My eyes are open for new prospects, and meanwhile I need to do a bunch of research and have a lot of conversations with clever, wonderful people I look up to. I also need to take a deep breath and a deep look inside myself and figure out how I should best balance a lot of competing personal priorities. 

LIke everyone else, I get caught up at work and in projects, and everything else kind of falls away. This makes me a great team member (and you can find my LinkedIn here...just kidding), but sometimes it means I forget that I love to blog and experience art and take long walks and sit under a tree and stare into space for a minute.  

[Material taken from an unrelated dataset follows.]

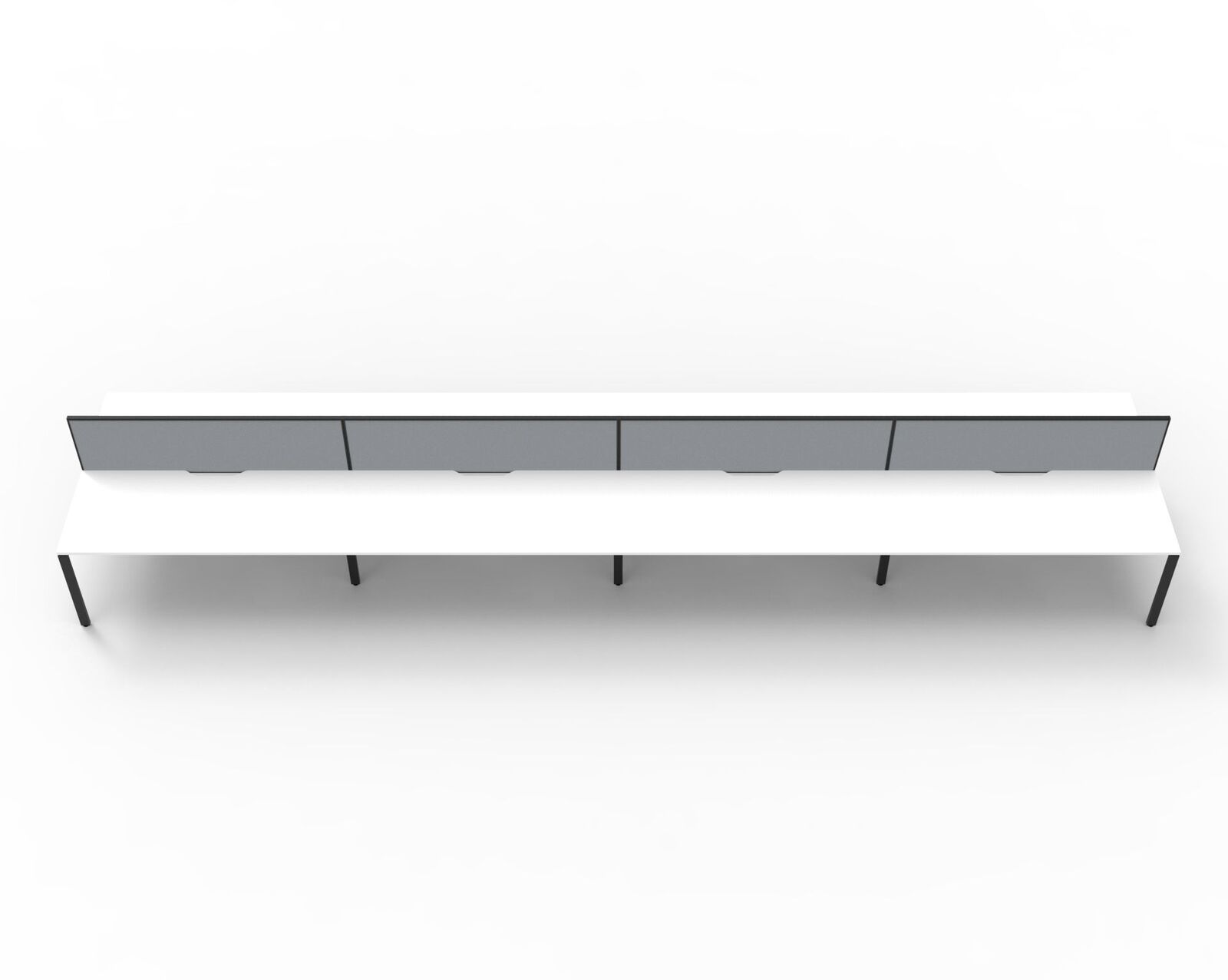 Maximise space and create an efficient working environment with Deluxe Rapid Infinity. 750mm deep Enviroboard tops, with scallop for cable access, and a recessed leg to create full leg access in long runs of workstations.

Having time for that other stuff while working and raising children is luxurious, and I know it's not possible to have all the things at the same time. But if I could make some time and mental space for a few more of these finer, funner things, no matter what I do career-wise, I think it will be a life better lived. So I'm going to try to use this self-imposed down time to really, really think about it. 

Not to worry though. 

I promise I will NOT be using this space to set personal goals and indicators and mark achievements or any of that, because there is nothing more tiresome than using social media as a space for accountability or personal growth when it was clearly designed for sharing videos of floating hedgehogs or whatever. I am merely explaining all this as a basic framework for the stories about my children's antics and my general personal disarray that are to follow. 

And on that note, I literally have a laundry list of ish to do. Happy Tuesday and if you have read this far, gold stickers and gratitude!